Return of the One Room Schoolhouse

            In this time of governor mandated public-school shutdown, many children are experiencing a new way to do school.  All across the country, education pods have begun. An education pod is a large space in a home, church or community center where students from a neighborhood can gather to have school.  Their parents hire a tutor or certified teacher to provide supervision of online learning as well as supplemental instruction and assistance. Eighth graders may be in the same room as first graders! Third graders may be near a ninth grader. Although it’s not what these children expected, or what they’re used to, perhaps they’ll experience the joy of the bygone days of the one room schoolhouse. 

            Consider Laura and her siblings in the Little House on the Prairie television series, or Miss Stacy in the Anne of Green Gables movies. How about painter Winslow Homer’s piece, “Crack the Whip”; which depicts schoolhouse lunch hour games. In one room schoolhouses, students worked independently, yet also assisted one another. Learning was done for life’s sake – so that one was equipped to continue learning and thrive in whatever was pursued.   A freedom to think and explore seemed to exist back then that’s been usurped by uniformity, conformity and top down mandates.

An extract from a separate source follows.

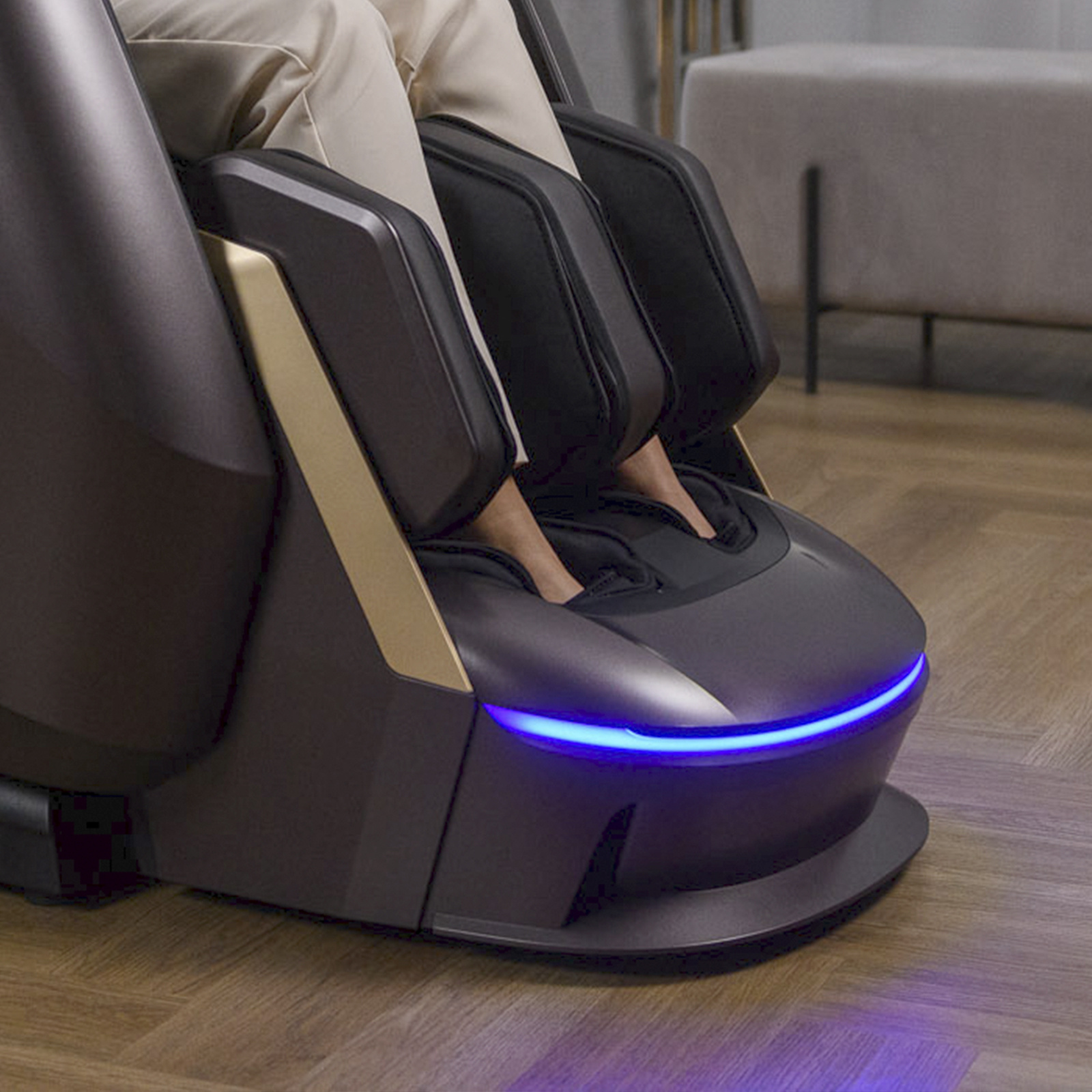 Количество роликов в массаже ног: Четырёхрядные увеличенные ролики в икрах, 6 массажных блоков в стопах

             Parents and the teachers providing education pods are working closely together. They’re partnering in a way unlike they have in the recent past to provide children with a quality educational experience in the absence of government schools. What if parents discover the delight of a smaller school setting for their children and the empowerment of knowing exactly what their children’s curriculum looks like? It’s an inside view they don’t usually get. Children might decide they really enjoy having school this way. 

No matter how we may feel about education pods, a new perspective about traditional public school is definitely formulating.  We may finally acknowledge there’s more than one way for education to happen. Parents, teachers and students could warm to the idea of having the freedom to direct tax dollars toward the schooling style that best fits their child’s needs.  The return of the one room schoolhouse just might be the beginning of educational reform that’s been too long coming.